We only had one date, which was fun, like a trip down memory lane when I was in college, but I just can’t handle the age difference.
Thanks Anji for the 'heads up'
2021.07.29. 10:52, andors
And thanks for the links, I see where you’re coming from now.
I have checked out said articles and they do talk about not raising boys, in no uncertain terms.
Mind you, the more I read them the more their ideas make sense! Truly! Basically what I think they’re saying is that for at least the last five thousand years women have been subordinate in this patriarchy, they can’t see it changing unless women do something a bit different to what they’ve done thus far, thus far they’ve enabled men and boys and brought up boys who then become indoctrinated into the system, all women’s energy has been spent on serving patriarchy and not on supporting womankind, furthermore, if the choice is EITHER:
stay as we are [which we can't do without being self-hating women, because women and girls are being raped and murdered and subordinated to androcracy every day and will continue to be until we do SOMETHING]; OR
refuse to focus on boys and men to the detriment of women and girls any longer
then the only thing we can do to save humankind is to put women and girls first for a change.
Makes sense to me. Of course it sounds ‘mean’ or, at the very least, it smacks of behaving like the oppressor, becoming like the oppressor, even becoming the oppressor but actually it isn’t. Because on the one hand we have upwards of five thousand years of a patriarchal system where women and girls are murdered and raped and boys are trained as murderers and sent off to war to die, which looks set to continue for a full five thousand more years and, on the other hand, we have women saying STOP! either I’m bringing up no more cannon fodder or, if I do spend any of my time bringing up child(ren) it will be only those who are least likely to murder, rape or warmonger, namely not boys.
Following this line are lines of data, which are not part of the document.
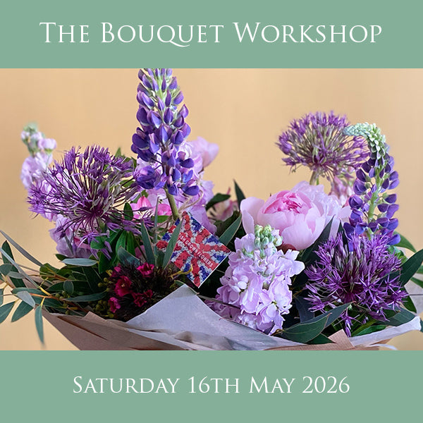 Learn to create a fabulous handtied bouquet using spring flowers on our special spring bouquet workshop. We have a fabulous choice of flowers in the early spring months and this lavish design will use some of our early summer favourites that you can find in your own garden or at a local grower. Varieties such as Stocks, Lupins and of course Peonies! We also show you how to support your flowers and then wrap as the perfect gift and add just the right vase for you to display at home (which you get to keep!).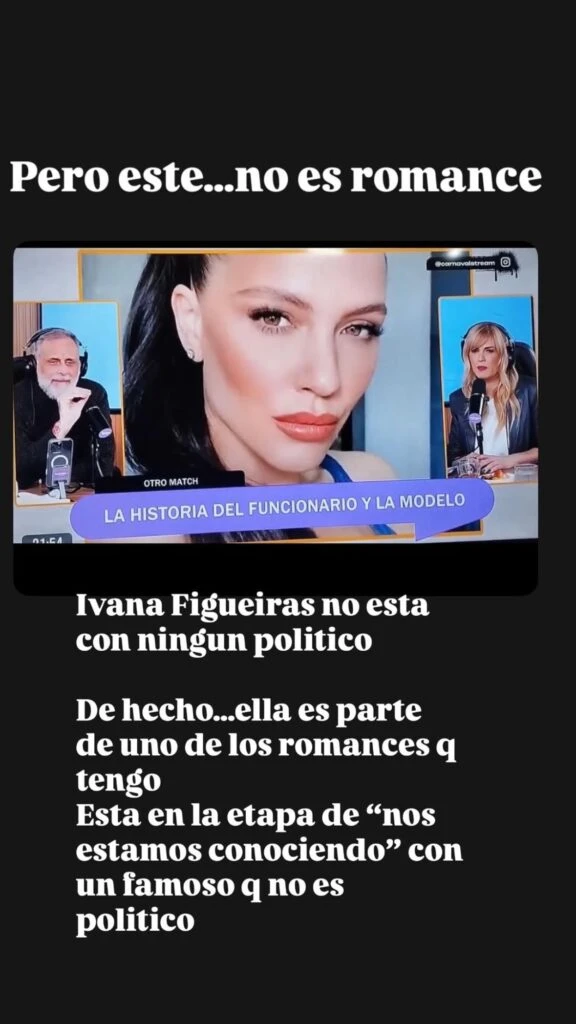Pero poco después, la panelista decidió dar una pista concreta sobre uno de esos romances. Subió una nueva historia con una gran foto de Ivana Figueiras, acompañada del texto: “Pero este... no es romance”. Lejos de desmentir la información, agregó: “Ivana Figueiras no está con ningún político. De hecho, ella es parte de uno de los romances que tengo”.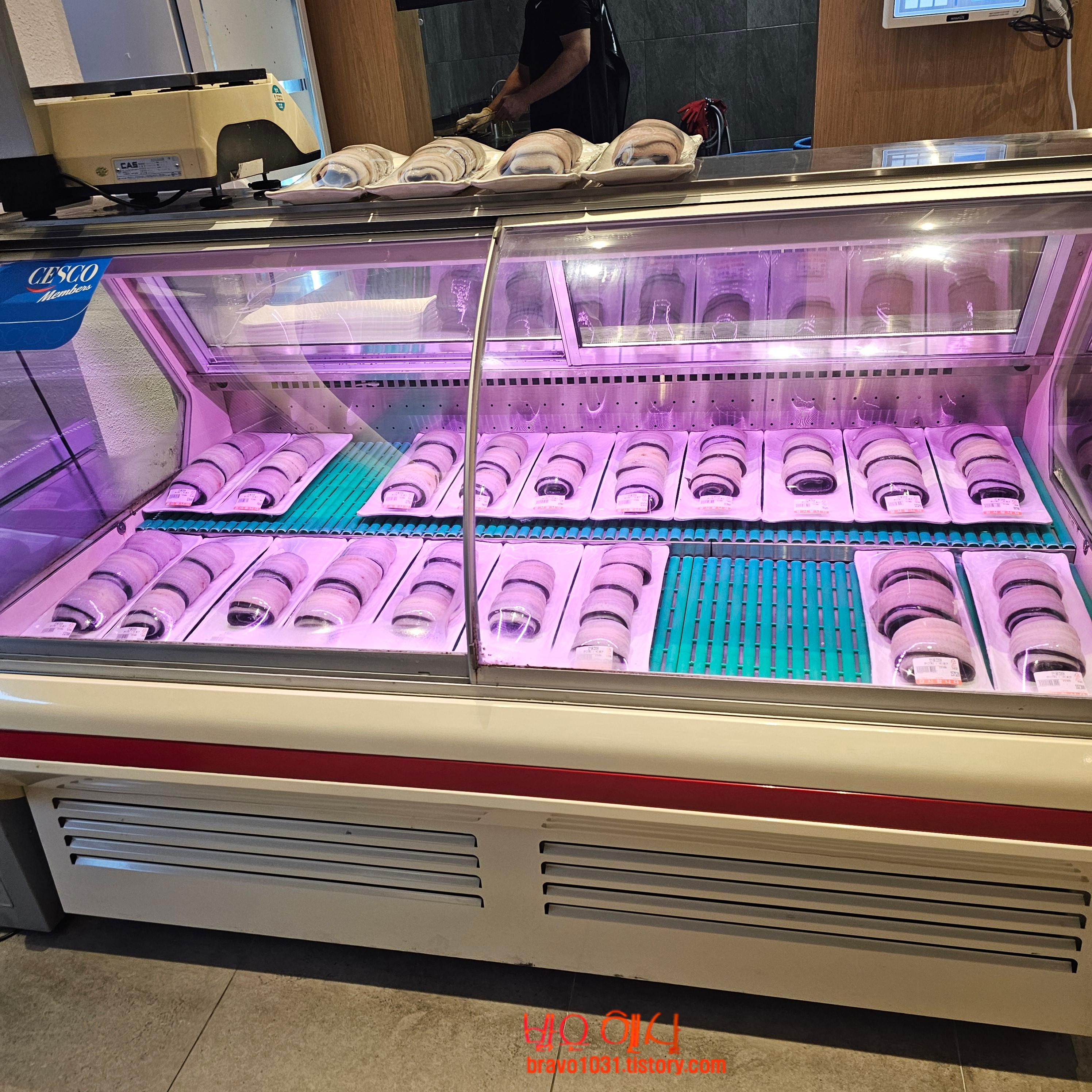 가게 안 쪽에는 장어를 선택할 수 있는 매대가 있다.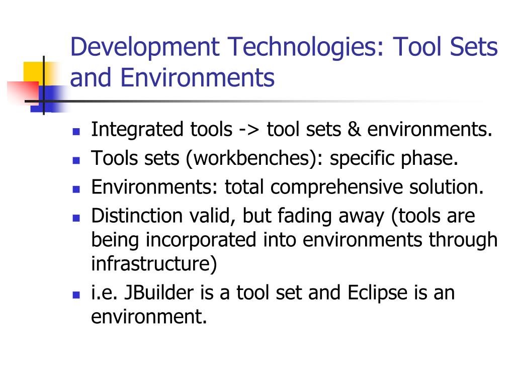 Development Technologies: Tool Sets and Environments • Integrated tools -> tool sets & environments. • Tools sets (workbenches): specific phase. • Environments: total comprehensive solution. • Distinction valid, but fading away (tools are being incorporated into environments through infrastructure) • i.e. JBuilder is a tool set and Eclipse is an environment.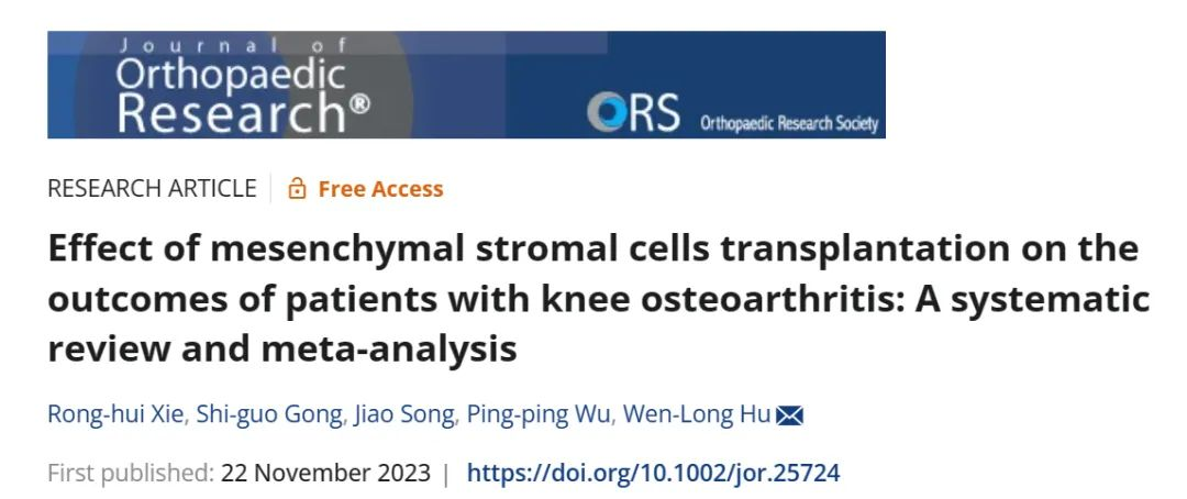 一项最新发表在Orthopaedic Research上关于膝骨关节炎干细胞注射临床试验的荟萃分析,也得出了干细胞在针对膝骨关节方向具有潜力的结论。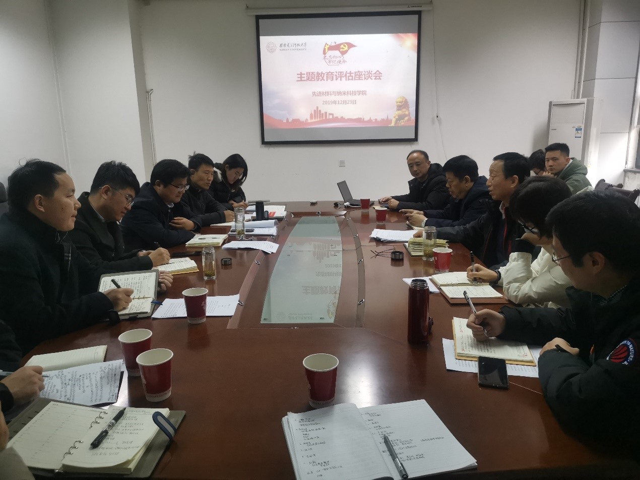 党委在G-119会议室召开“不忘初心、牢记使命”主题教育评估座谈会,测评学院主题教育开展情况。校第一指导组成员王跃利、王海波、张维宁到会指导测评,学院领导班子成员、支部书记代表、教职工代表、学生党员代表以及群众代表共同参加了本次会议,会议由学院党委书记卢硕主持。
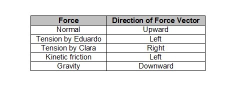 E = 500 N, the force applied by Eduardo, horizontally to the left.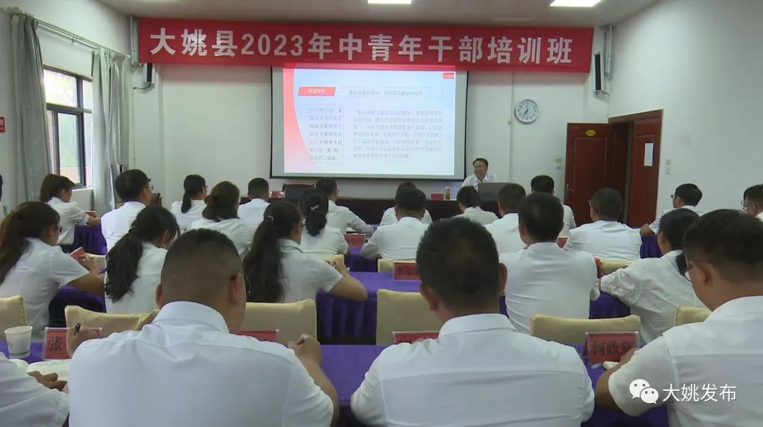 7月19日,县委副书记、县委党校校长周建民为我县2023年中青年干部培训班学员授课。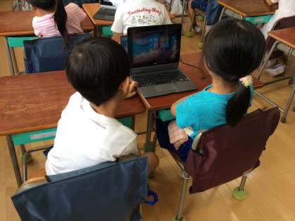 1年生もパソコンに挑戦しています。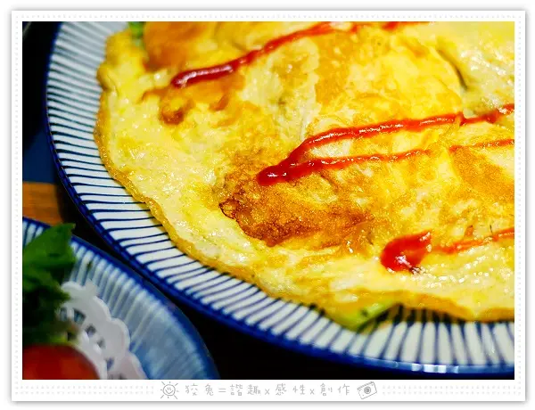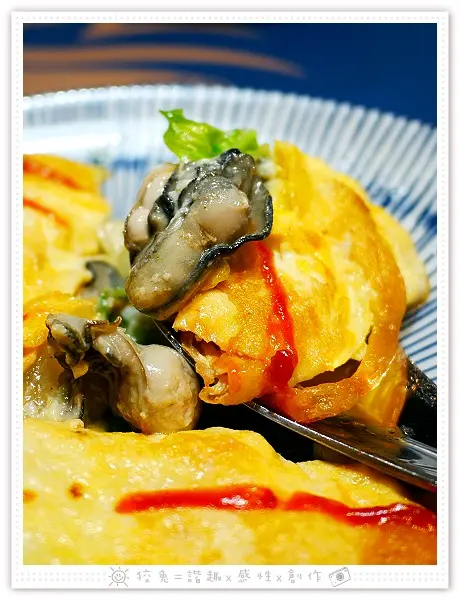 切開後,碩大肥美的蚵仔軍團重見天日囉!蛋中還夾帶著蔬菜,我下意識聯想到國民小吃蚵仔煎,但這煎蛋顯得清爽許多!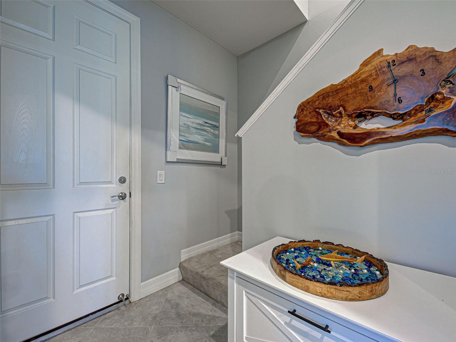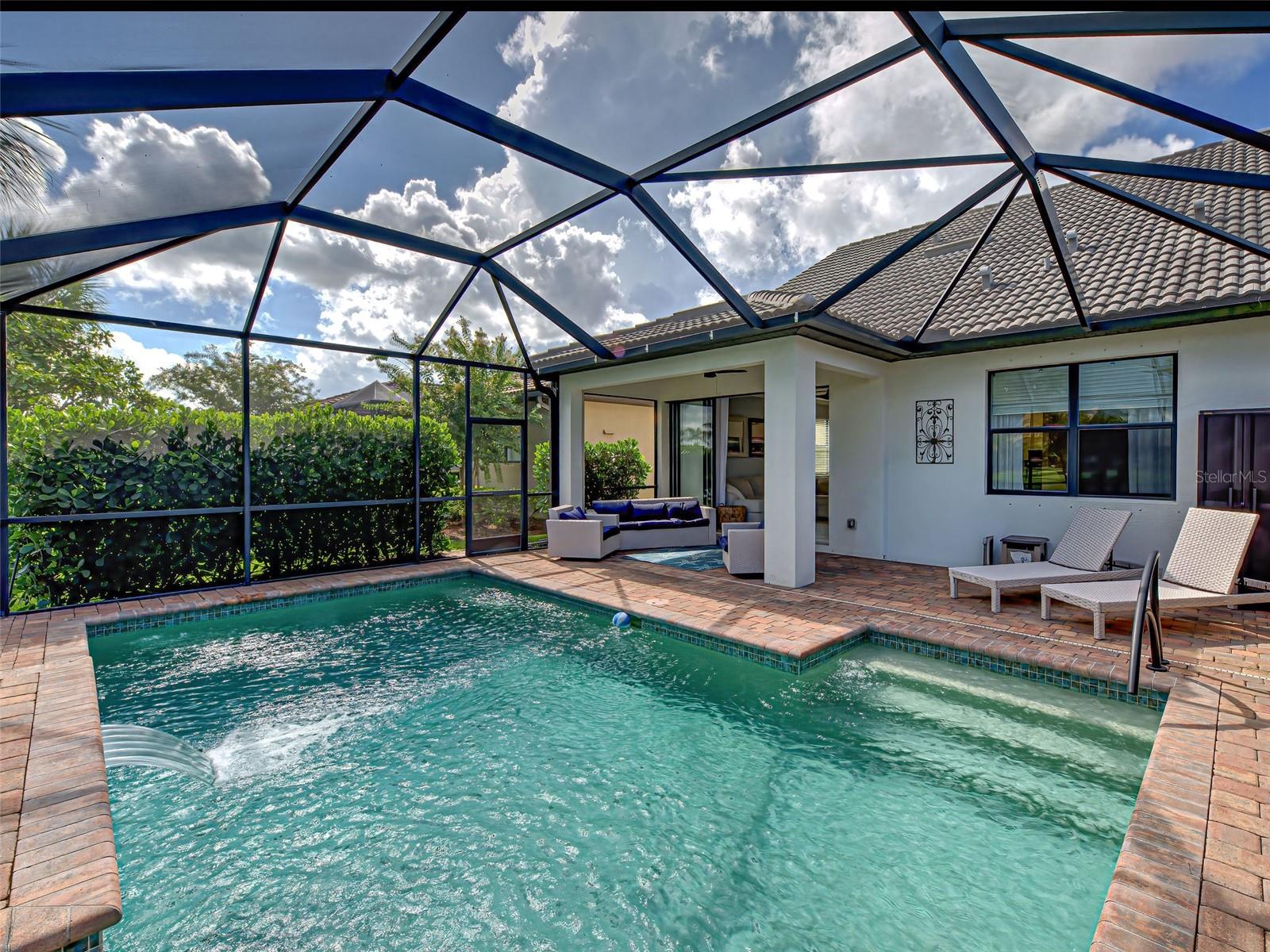 SELLERS ARE MOTIVATED-BRING AN OFFER! Most furniture has been removed, so this home is easy to visualize with your choice of decor! This exceptional two-story Steel Creek POOL HOME is located on a WATER VIEW LOT in IslandWalk with beautiful curb appeal, a stone-accented exterior and a spacious enclosed front porch. This floor plan has a second floor suite with a living room, bedroom & bath that is ideal for multi-generation families or guests. The interior showcases a fresh and tasteful design with LIGHT COLORS, 8 FT DOORS, CROWN MOLDING AND TILE THROUGHOUT the main level, creating an inviting ambiance. The stunning kitchen features desired WHITE CABINETRY, a stylish backsplash, a large quartz island ideal for entertaining and casual dining, and additional cabinet storage. Enhanced by recessed lighting and three pendant lights, the kitchen is bright and functional, equipped with stainless steel Whirlpool appliances and a cozy nook nearby. The adjacent dining area sits perfectly between the kitchen and living room, which opens up to tranquil WATER VIEWS and the screened lanai through a triple slider door, maximizing natural lighting. The primary bedroom features tile flooring, a TRAY CEILING with crown molding, and a ceiling fan. The en suite bathroom includes dual vanities, a walk-in shower with a glass enclosure and grab bar, white cabinetry with quartz countertops, and beautifully coordinated wallpaper. A spacious walk-in closet provides ample storage. The nearby laundry room is thoughtfully designed with UPGRADED WASHER AND DRYER, white upper cabinets, and three wall-mounted baskets and pops with stylish wallpaper. The second bedroom, situated on the opposite side of the home for privacy, offers a ceiling fan, a built-in closet, neutral tones, and tile flooring. Just steps away is the full guest bathroom, which includes a walk-in shower with tiled walls and a glass door, white cabinetry and a grab bar for safety. Upstairs, the BRIGHT LOFT presents a versatile open space with recessed lighting, neutral carpet, and a ceiling fan with a light, perfect for a home office, playroom, or media room. The third bedroom features its own en suite bath complete with a bathtub, glass slider, single sink, and safety grab bar. A connected STORAGE ROOM adds functional value. Outdoor living boasts an expansive SCREENED AND COVERED LANAI, offering a laidback Florida lifestyle with a HEATED sparkling POOL, plenty of room for dining and relaxing, and serene water views. The garage is fully equipped with EPOXY flooring, OVERHEAD STORAGE, ADDITIONAL STORAGE CABINETS, a utility SINK, and a 4-FOOT EXTENSION. This home offers a great location with access to the resident-only back gate and it's near the clubhouse! Future connectivity to Manasota Beach Rd, (projected to be done by August 2026) will enhance the home's already excellent accessibility. Residents of IslandWalk enjoy top-tier amenities including geothermal pools, a lap pool, two gyms, tennis and pickleball courts, bocce, a community garden, firepits, a dog park, and a 24-hour staffed security gate. Golf carts are permitted, and a resident-only back gate provides direct access to downtown Wellen Park--home to Publix, the Atlanta Braves ballpark, Costco, and more--without the need to travel on US-41. The LOW HOA includes landscaping, high-speed internet with three DVR boxes, a full-time Lifestyle Director, access to community amenities, and an onsite HOA management team. 4 miles to I-75 for E-Z access.
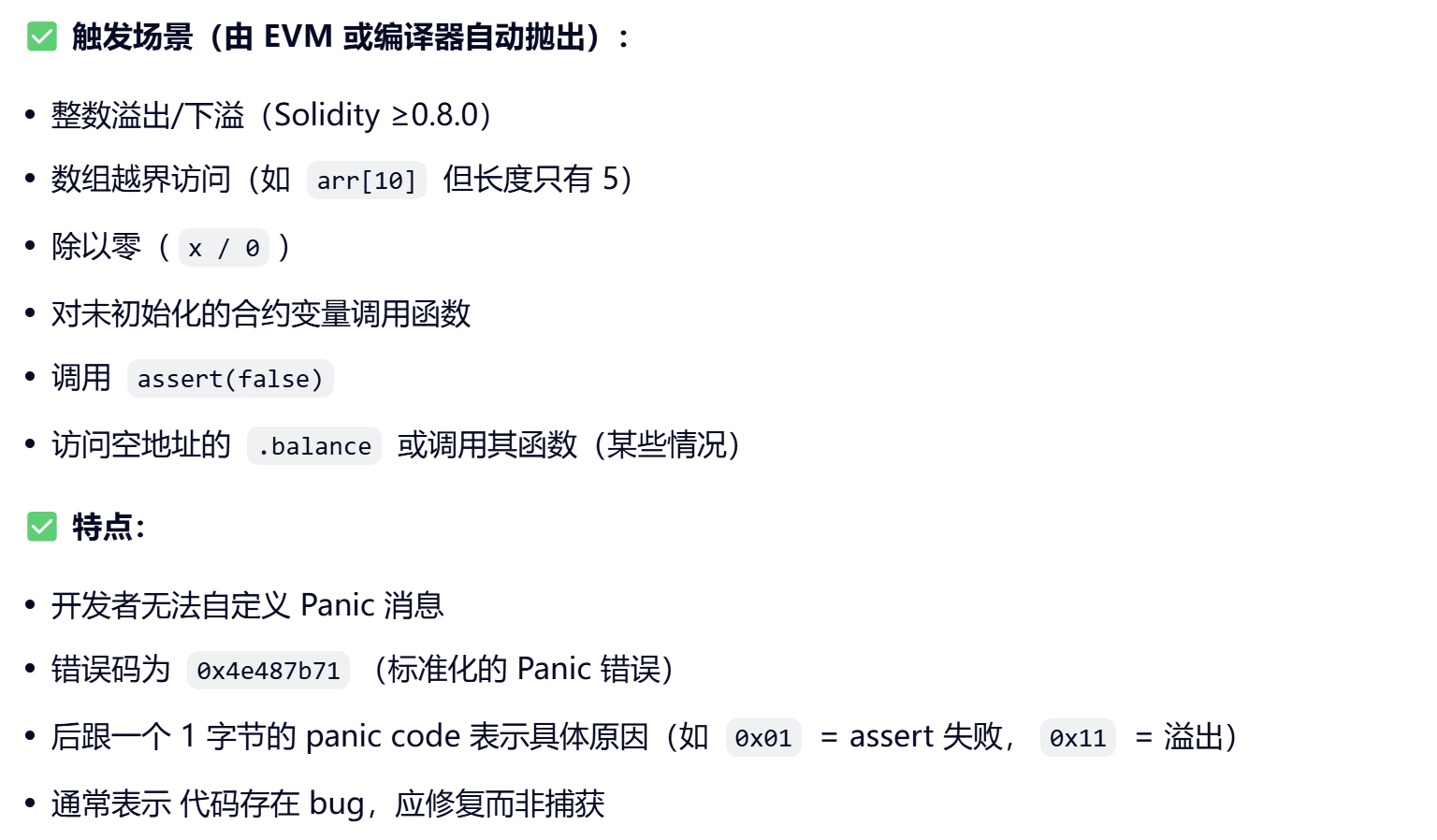 panic 表示“程序内部严重故障”,由 EVM 或编译器自动抛出,开发者无法自定义 Panic 消息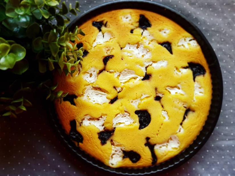 Egyszerűen összekevertem az alapanyagokat, és vártam míg a kukorica liszt egy kicsit megszívja magát. Egy pite formába öntöttem, de bátran tehető tepsibe is. Kiolajaztam (kókuszolaj) és beleöntöttem a tésztát. A tetejét gazdagon szilvalekvárral és kefirrel csepegtettem meg. 200 fokos sütőben sütöttem szép arany színűre.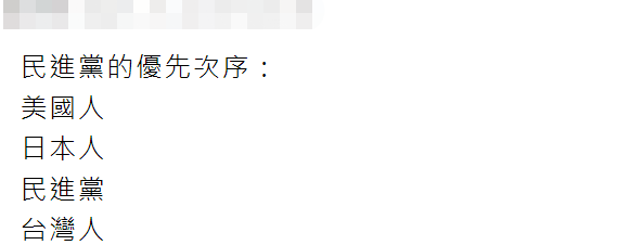 還有網友為民進黨當局的優先次序排了序:美國人、日本人、民進黨、台灣人。↓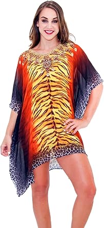La Moda Animal Print Sheer Kaftan Beach best amazon beach cover ups

Most women never have this choice under patriarchy of whether or not or who they will bring up.
One good point which stood out was that the blogger was being villified for speaking her THOUGHTS on a what-if scenario (see below)*** whilst all along the ACTUAL infanticide, rape and murder of women and girls (which the blogger flagged up) continues daily worldwide, yet went un-commented on by her attackers, who overlooked the issue entirely to criticise the blogger’s words in preference to patriarchy’s deeds. Makes u think.
Thanks again Anji
*** “I will rank the following three scenarios, options, if you will, in order of my preference:
Females continue living as males’ slaves.
Of course, these are not the only three options available, though they do seem to me to be the options most likely to occur with any lasting *effect* (with full recognition that numbers 2 and 3 concur).
But, yes, I believe male infanticde to be the best of those three options. That is to say, I believe male infanticide to be a *better* option than the current circumstances. That doesn’t speak to what I might feel the *best* option would be. I only mean to put into perspective my stance on male infanticide, given its invocation in the comments of another post. I think it’s better than what we’ve got.
Note that I also feel that female infanticide is a better option than being born into patriarchy as it stands, as well.
I just happen to think it’d be better if the males were the ones dying, rather than that the females be the ones dying *and* suffering.”